Imagem: www.gettimages.com

23 agosto, 2010

anotado a lápis


Fim-de-semana de visita à mãe, onde topei com memórias empoeiradas - feitas de papel, de caneta, de gesso e de metal. Misturadas todas na gaveta do armário.

Tinha a embalagem do livro que o Petronio me trouxe de além-mar, registro de carinho e conspiração por e-mails com a Ana Lucia; tinha lembranças de casamentos, nascimentos e variados quinze anos; ttinha a carteira de vacinação e o último boletim do colégio, com mensagem querida da professora predileta; tinha o bilhete delicado que o Ricardo me mandou quando passei no vestibular, lembrança incandescente do vazio de maré cheia que ele deixou.

E daí encontrei trechinhos de leituras que ia fazendo. Como esta, com data de maio de 2001:

 "Que isso foi o que sempre me invocou, o senhor sabe: eu careço de que o bom seja bom e o ruím ruím, que dum lado esteja o preto e do outro o branco, que o feio fique bem apartado do bonito e a alegria longe da tristeza! Quero todos os pastos demarcados... Como é que posso com este mundo? A vida é ingrata no macio de si; mas transtraz a esperança mesmo do meio do fel do desespero. Ao que, este mundo é muito misturado" (João Guimarães Rosa, no Grande Sertão: Veredas).
 
Encontrei também alguns bilhetes e cartas da Ana, que por alguma razão escaparam à reunião na caixa comum. Como um pequenino papel onde pousa uma borboleta amarela:
 
"E isso implica um trabalho sobre os limites e no limite da arte, à beira do abismo - onde o disforme resiste à forma, impele ao fracasso e deixa adivinhar o impronunciável" (Plínio W. Prado Jr, na apresentação à Descoberta do Mundo, da Clarice Lispector).

Foi tão bom jogar uma porção de coisas fora! Como se, ao perder certas chaves de mim, ficasse leve para me reinventar.

Imagem: Nacho Gómez.

20 agosto, 2010

acordar

e então eu olhava aquele homem jovem, com barba macia e bem aparada e pensava "como pode, tão jovem, escrever como um velho?" e ele era o saramago; O saramago, estranhamente tão jovem e tão bonito. E eu olhava para ele, entre espantada e atônita, querendo adivinhar naquele homem de barba macia e olhos claros o que havia de sabedoria e depósito de vida vivida.
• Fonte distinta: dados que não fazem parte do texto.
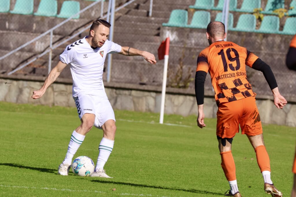 Popis strzelecki Sosnowiczan rozpoczął Michał Barć, który już w 4 minucie trafił do siatki. To było jedenaste trafienie Michała w rozgrywkach V ligi śląskiej. Pierwsza odsłona zakończyła się wysokim prowadzeniem naszej drużyny w stosunku 4:0, a dwa trafienia należały do Kacpra Wołowca. Dla naszego kapitana były to gole nr 9 i 10 uzyskane w lidze. Najbardziej efektowną bramką popisał się jednak Patryk Mucha, który kropnął z odległości około 25 metrów, trafiając idealnie w sam róg bramki Odry. Mateusz Harkawy, golkiper gości, nie miał żadnych szans na skuteczną interwencję.
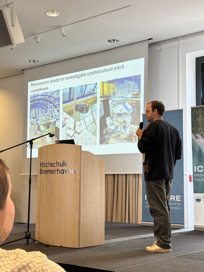 Gurleen Singh, supervised by Isha Athale, presented work from the Helgoland cruise in 2024 on a poster. Jasper Zöbelein, Carsten Rauch and Amavi N. Silva presented talks in Session Advances in Air-Sea Interactions about DOM in the mesocosm, autonomous sampling with HALOBATES and GLAUCUS and meta-analysis of enrichment factor assessment. This session itself was co-hosted by Lea Lange (GEOMAR, SP 2.1) and Samuel Mintah Ayim (ICBM) with the intention to invite all disciplines, methods and scales to identify gaps and link knowledge in air-sea interactions. As two talks on marine heatwaves in the session were unfortunately cancelled, all talks were about the SML. The talks addressed biological and physical processes, different methods and a mathematical assessment on how to best investigate the enrichment factor. The audience didn't seem to mind the change in focus and engaged in lots of questions, also after the session. We were able to spread the word about SML relevance on biogeochemical processes and air-sea exchange to young marine researchers. Some even gave the feedback to hear about it for the first time.

Olhava, olhava, e não acabava de olhar, próximos todos de um carro que estava de partida. As portas abertas, e ele tão estacado, sem nenhuma menção no corpo de entrar (ou de partir). Paralisado na minha admiração. E eu estranhava aquele homem tão jovem e tão belo, tão altivo e tão famoso, O saramago. Quando lembrei: Saramago está morto. Com susto por detrás do coração. E eu absolutamente confusa diante daquele homem que não pode ser saramago, que até então era saramago, que podia ser filho de saramago, tão bonito e tão jovem, tão esfinge. Feito sonho indecifrável.

14 agosto, 2010

Atravessando agosto

Sem muitas palavras (pelo menos por aqui). Tentando aprender a pousar mansamente e a ter paciência com meus passos lentos e com a travessia (sempre incompleta).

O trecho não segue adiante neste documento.